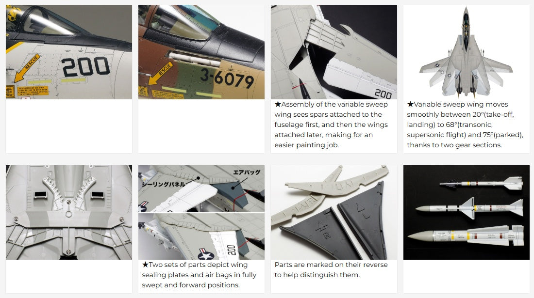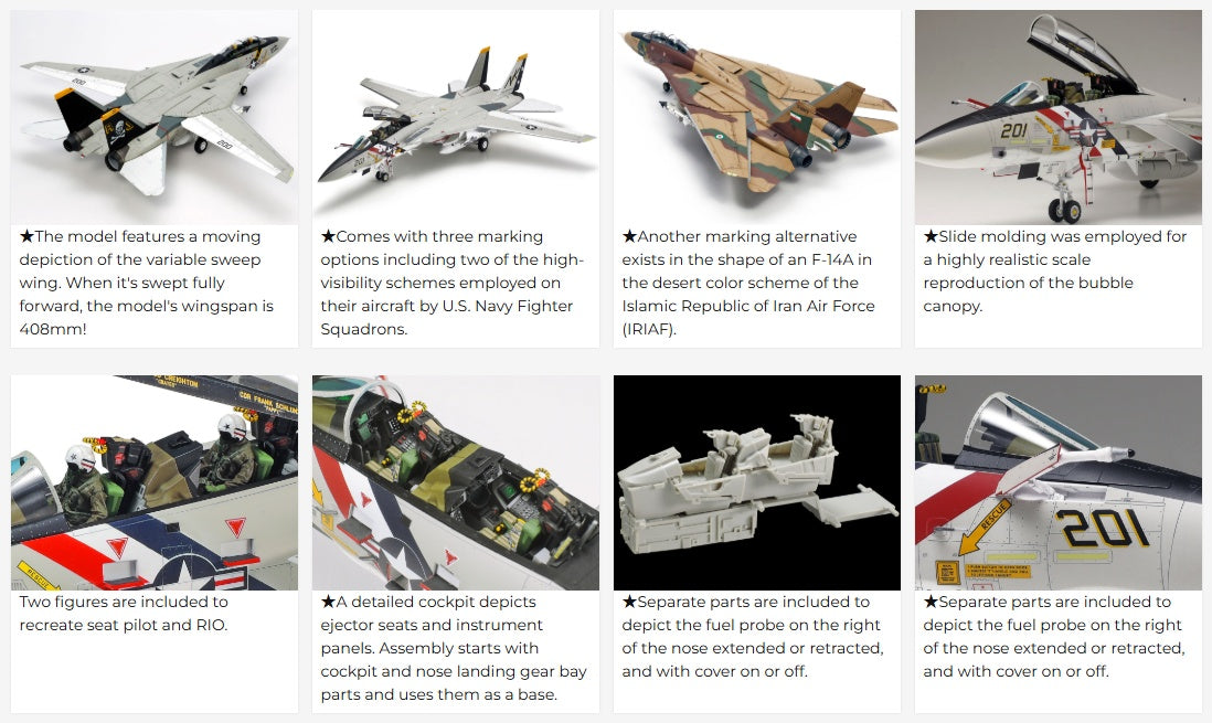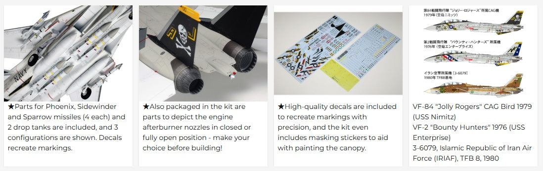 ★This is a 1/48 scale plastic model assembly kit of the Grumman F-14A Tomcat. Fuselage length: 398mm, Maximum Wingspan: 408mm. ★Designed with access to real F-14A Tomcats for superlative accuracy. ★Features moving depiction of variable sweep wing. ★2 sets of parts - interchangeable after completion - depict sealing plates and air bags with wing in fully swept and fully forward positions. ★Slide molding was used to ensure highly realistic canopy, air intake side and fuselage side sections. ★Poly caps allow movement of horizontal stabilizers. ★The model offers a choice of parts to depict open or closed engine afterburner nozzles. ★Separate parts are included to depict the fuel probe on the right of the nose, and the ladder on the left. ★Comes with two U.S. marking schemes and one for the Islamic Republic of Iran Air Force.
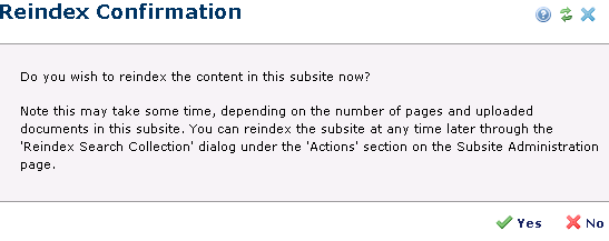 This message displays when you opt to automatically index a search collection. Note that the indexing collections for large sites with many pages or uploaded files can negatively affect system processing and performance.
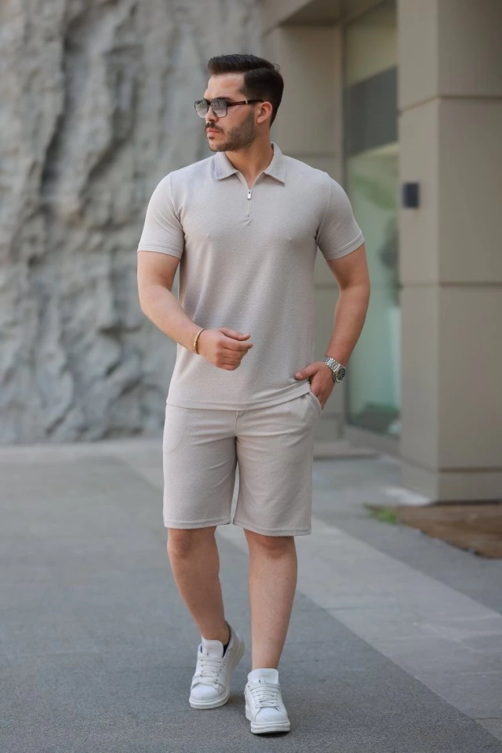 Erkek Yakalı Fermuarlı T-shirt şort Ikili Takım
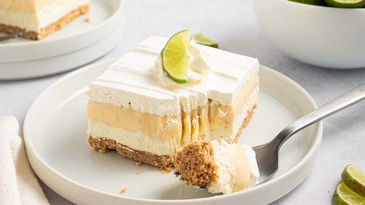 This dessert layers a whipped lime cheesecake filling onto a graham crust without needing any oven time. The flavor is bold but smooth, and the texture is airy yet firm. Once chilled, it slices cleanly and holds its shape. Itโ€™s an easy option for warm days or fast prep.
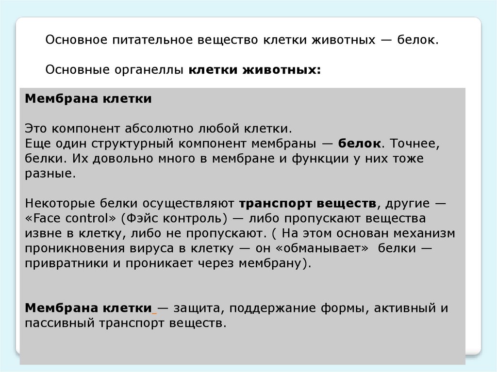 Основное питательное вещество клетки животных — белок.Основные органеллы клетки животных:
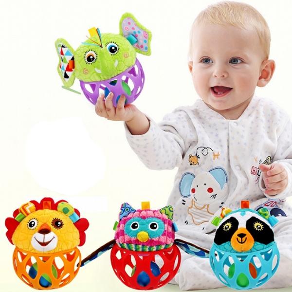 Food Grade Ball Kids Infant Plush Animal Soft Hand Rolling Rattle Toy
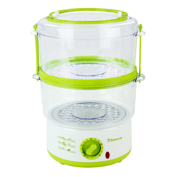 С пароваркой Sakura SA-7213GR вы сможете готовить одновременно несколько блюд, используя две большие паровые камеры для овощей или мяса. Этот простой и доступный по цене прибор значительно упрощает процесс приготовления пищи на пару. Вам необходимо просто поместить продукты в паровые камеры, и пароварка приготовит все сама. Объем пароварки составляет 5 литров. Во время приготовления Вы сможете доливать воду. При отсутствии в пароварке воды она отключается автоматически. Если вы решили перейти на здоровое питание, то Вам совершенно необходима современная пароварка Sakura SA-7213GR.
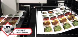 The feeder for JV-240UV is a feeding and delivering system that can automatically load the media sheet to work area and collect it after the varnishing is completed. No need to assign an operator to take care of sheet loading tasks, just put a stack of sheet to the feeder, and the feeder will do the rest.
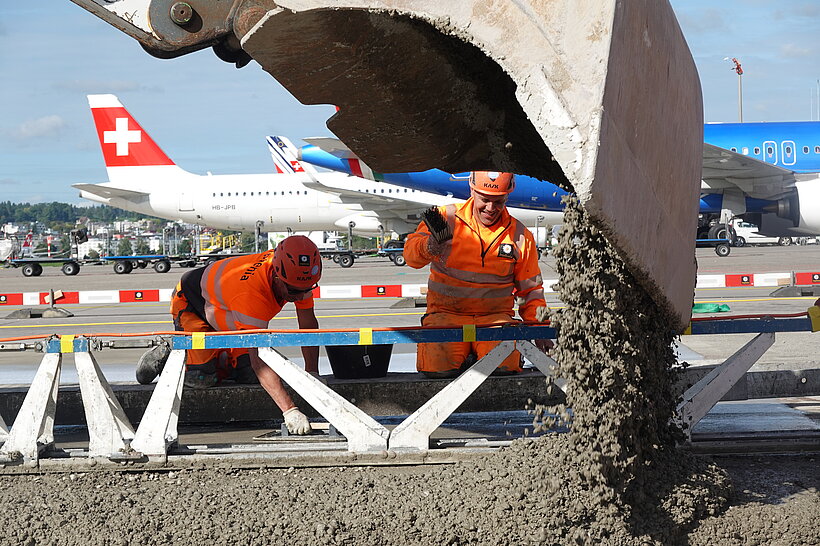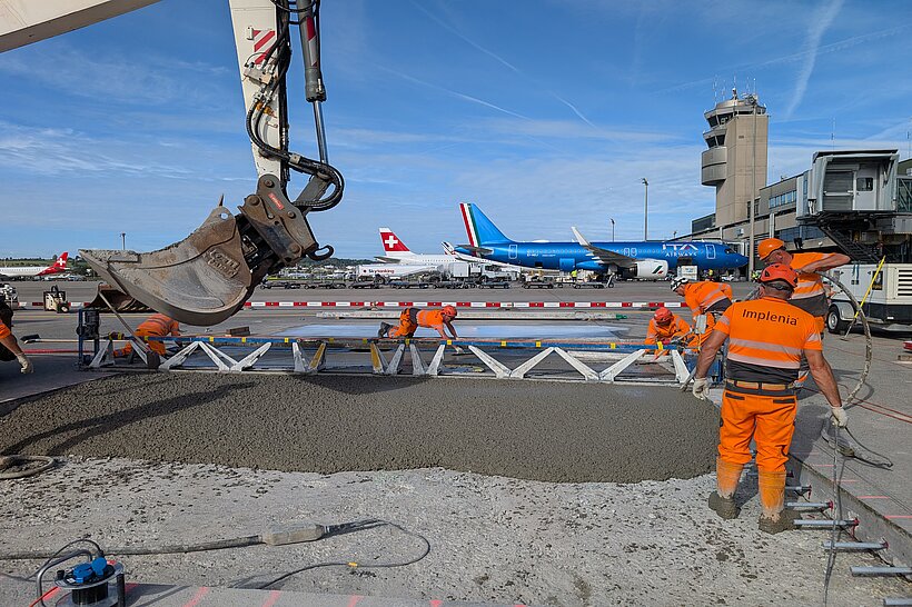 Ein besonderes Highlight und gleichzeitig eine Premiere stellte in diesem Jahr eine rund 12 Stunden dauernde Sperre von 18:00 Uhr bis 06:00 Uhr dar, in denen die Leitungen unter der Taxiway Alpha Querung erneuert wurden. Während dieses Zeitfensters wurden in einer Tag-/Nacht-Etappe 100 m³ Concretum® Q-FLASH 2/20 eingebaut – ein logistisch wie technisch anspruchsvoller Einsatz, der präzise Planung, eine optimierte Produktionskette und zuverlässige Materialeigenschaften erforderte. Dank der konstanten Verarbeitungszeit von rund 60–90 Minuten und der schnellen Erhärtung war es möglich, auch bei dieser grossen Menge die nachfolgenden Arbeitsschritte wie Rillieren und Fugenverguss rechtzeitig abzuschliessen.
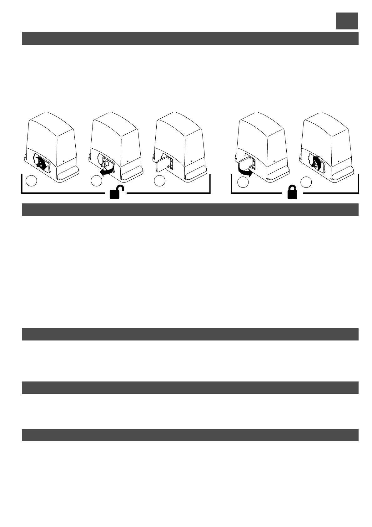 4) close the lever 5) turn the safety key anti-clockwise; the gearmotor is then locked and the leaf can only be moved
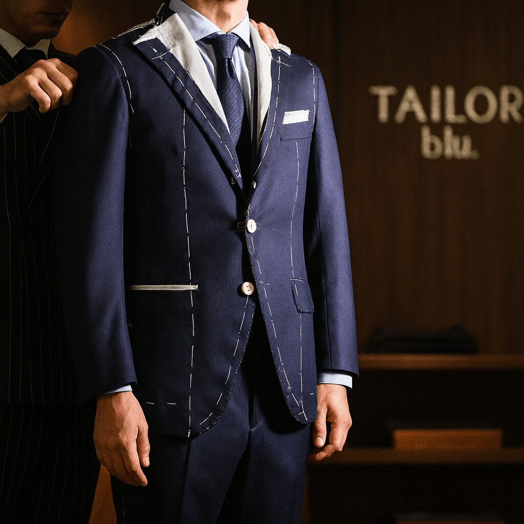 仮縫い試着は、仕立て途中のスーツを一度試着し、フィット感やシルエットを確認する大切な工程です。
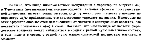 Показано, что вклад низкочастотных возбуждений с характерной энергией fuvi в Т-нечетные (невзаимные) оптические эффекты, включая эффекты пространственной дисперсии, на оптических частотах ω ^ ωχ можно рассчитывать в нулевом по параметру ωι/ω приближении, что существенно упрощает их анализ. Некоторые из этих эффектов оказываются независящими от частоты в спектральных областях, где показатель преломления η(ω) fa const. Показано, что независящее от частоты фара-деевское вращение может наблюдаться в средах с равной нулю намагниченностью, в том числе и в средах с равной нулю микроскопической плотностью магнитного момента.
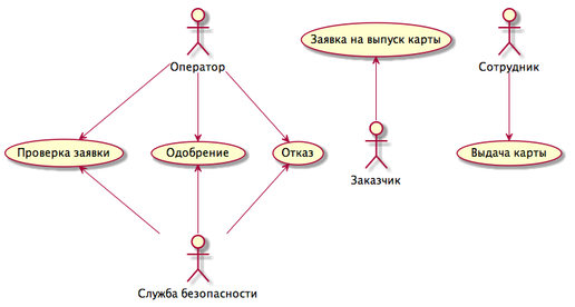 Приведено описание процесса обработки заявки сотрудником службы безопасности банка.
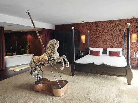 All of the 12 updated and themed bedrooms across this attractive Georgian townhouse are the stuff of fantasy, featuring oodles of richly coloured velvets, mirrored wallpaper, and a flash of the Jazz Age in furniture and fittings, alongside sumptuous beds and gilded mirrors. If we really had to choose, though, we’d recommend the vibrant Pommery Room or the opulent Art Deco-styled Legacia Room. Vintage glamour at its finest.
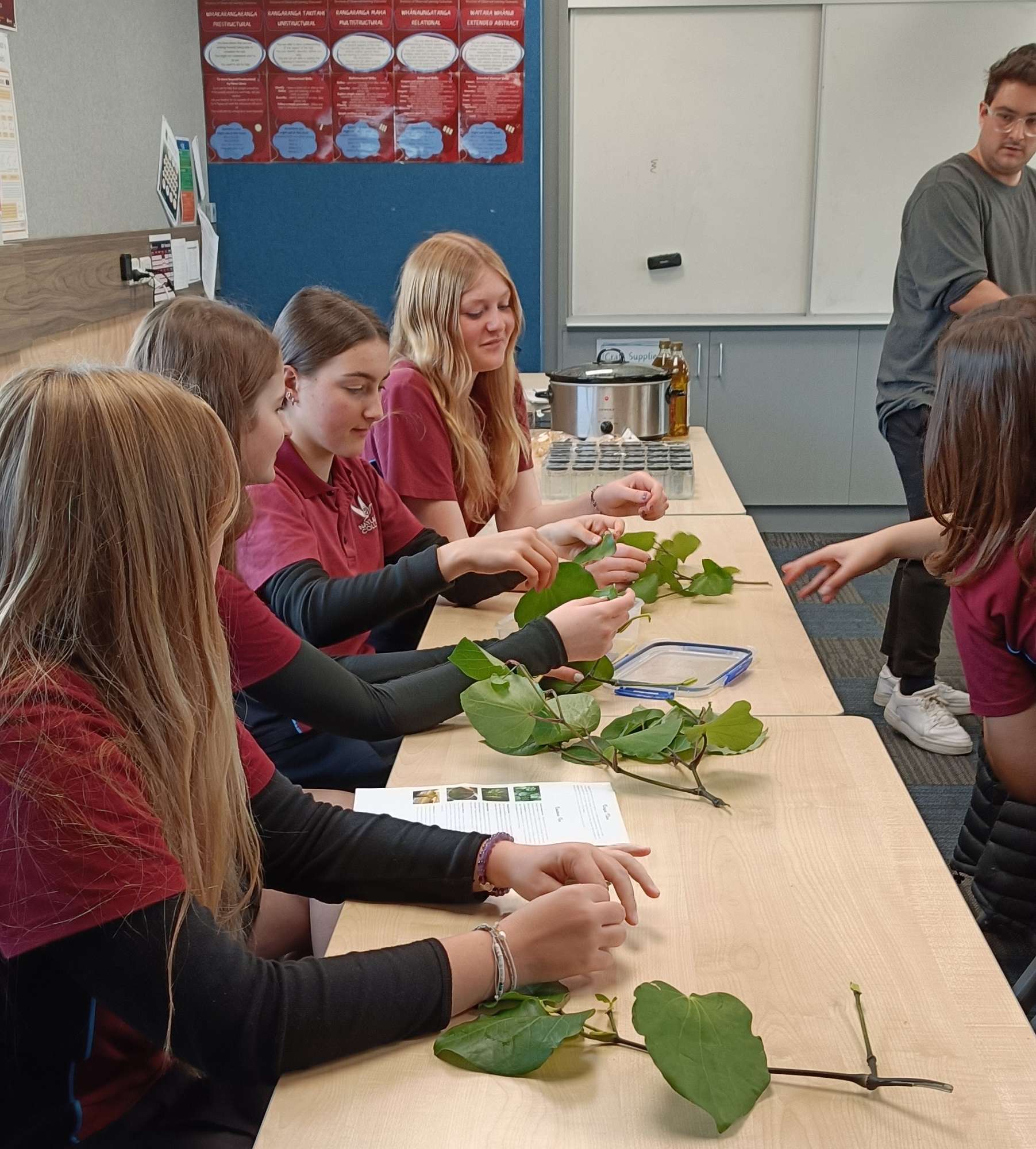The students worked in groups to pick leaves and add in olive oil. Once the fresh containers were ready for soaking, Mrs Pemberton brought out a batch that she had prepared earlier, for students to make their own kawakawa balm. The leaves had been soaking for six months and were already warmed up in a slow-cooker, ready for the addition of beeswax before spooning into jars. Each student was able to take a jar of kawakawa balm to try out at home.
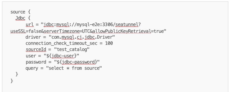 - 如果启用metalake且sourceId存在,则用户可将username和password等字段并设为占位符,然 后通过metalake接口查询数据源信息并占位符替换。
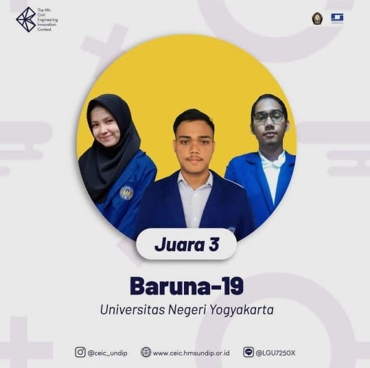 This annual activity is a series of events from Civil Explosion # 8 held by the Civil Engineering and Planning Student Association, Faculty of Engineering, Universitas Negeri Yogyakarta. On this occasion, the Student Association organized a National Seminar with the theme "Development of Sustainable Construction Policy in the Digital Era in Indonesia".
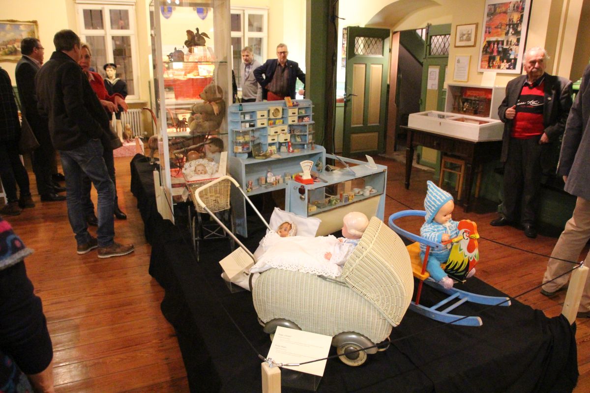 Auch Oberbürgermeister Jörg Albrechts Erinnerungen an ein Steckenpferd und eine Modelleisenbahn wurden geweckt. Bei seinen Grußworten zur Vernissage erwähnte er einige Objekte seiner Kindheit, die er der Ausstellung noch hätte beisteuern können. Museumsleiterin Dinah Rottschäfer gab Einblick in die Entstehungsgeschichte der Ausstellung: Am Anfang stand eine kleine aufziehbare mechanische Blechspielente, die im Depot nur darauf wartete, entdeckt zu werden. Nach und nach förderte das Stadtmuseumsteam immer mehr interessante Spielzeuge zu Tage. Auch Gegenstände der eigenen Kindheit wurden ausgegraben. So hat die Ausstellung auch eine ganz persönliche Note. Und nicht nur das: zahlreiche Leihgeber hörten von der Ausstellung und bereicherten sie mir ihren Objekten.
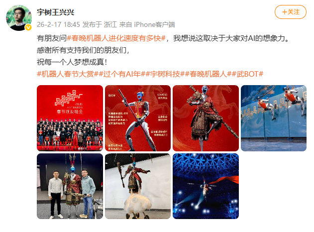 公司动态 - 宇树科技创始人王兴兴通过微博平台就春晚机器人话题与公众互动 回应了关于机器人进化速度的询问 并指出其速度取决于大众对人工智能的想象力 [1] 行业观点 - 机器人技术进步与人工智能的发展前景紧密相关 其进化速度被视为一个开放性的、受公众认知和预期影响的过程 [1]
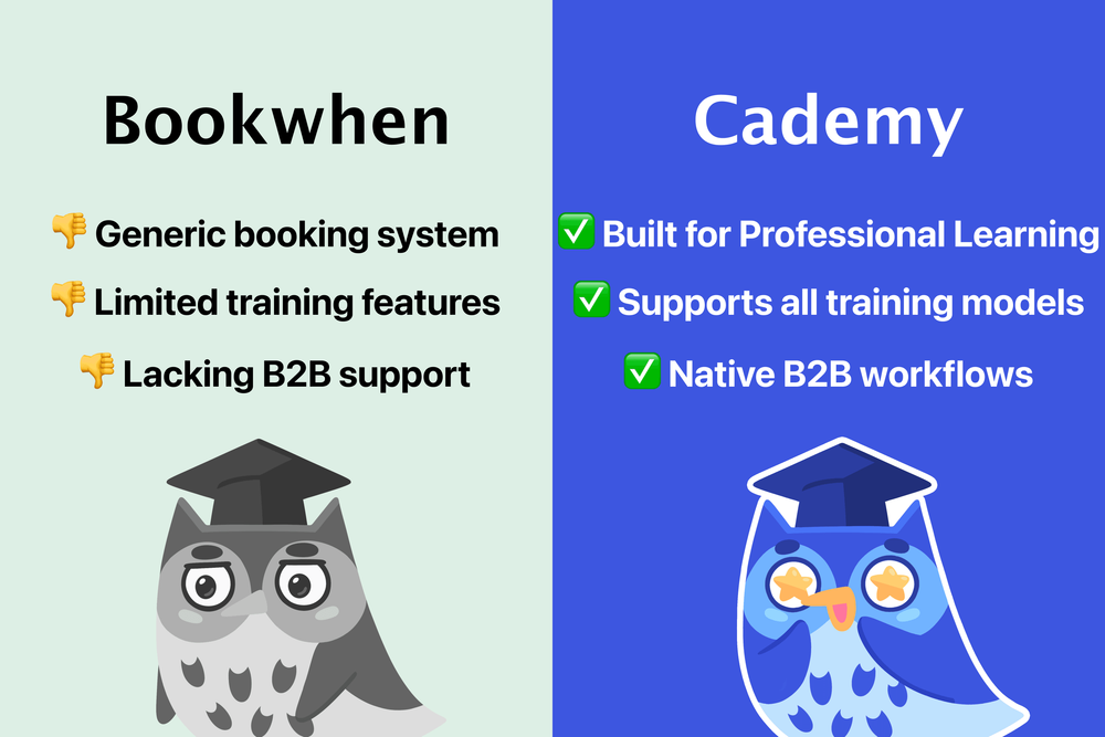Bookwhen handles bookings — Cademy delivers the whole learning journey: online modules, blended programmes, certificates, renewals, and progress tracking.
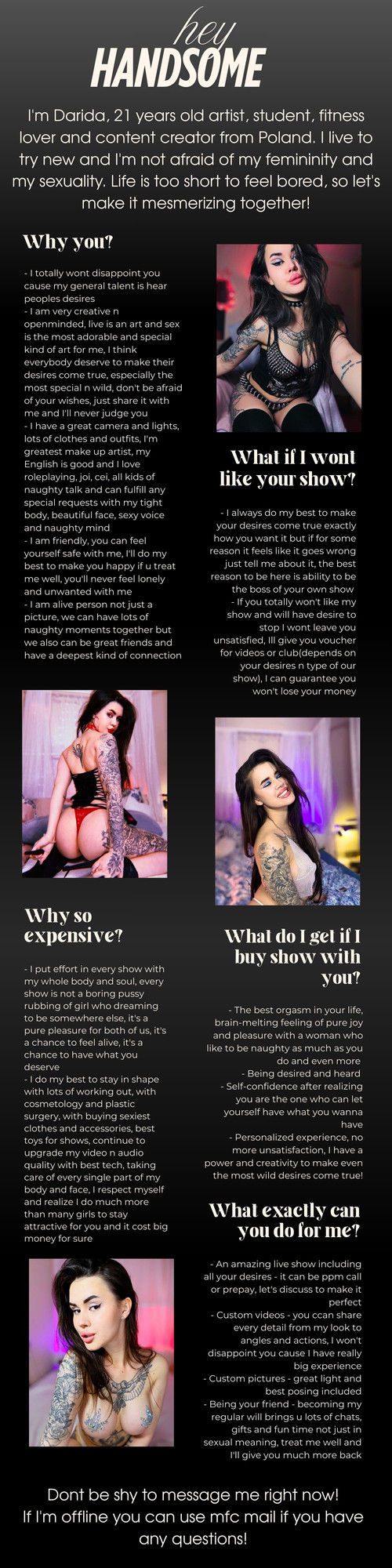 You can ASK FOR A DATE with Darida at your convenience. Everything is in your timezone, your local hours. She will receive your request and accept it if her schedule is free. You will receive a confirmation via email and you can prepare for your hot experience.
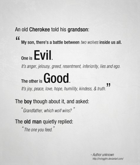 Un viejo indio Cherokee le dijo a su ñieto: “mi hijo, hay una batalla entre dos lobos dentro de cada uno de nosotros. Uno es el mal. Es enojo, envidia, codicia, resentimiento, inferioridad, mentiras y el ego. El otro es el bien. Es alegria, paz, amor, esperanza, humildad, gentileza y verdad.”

——————

About this task: Leaving each picture behind, please give again exactly the lines above from the one with "Bookwhen handles bookings" through the one with "You can ASK", both included, and no others.

Reply:
Bookwhen handles bookings — Cademy delivers the whole learning journey: online modules, blended programmes, certificates, renewals, and progress tracking.
 You can ASK FOR A DATE with Darida at your convenience. Everything is in your timezone, your local hours. She will receive your request and accept it if her schedule is free. You will receive a confirmation via email and you can prepare for your hot experience.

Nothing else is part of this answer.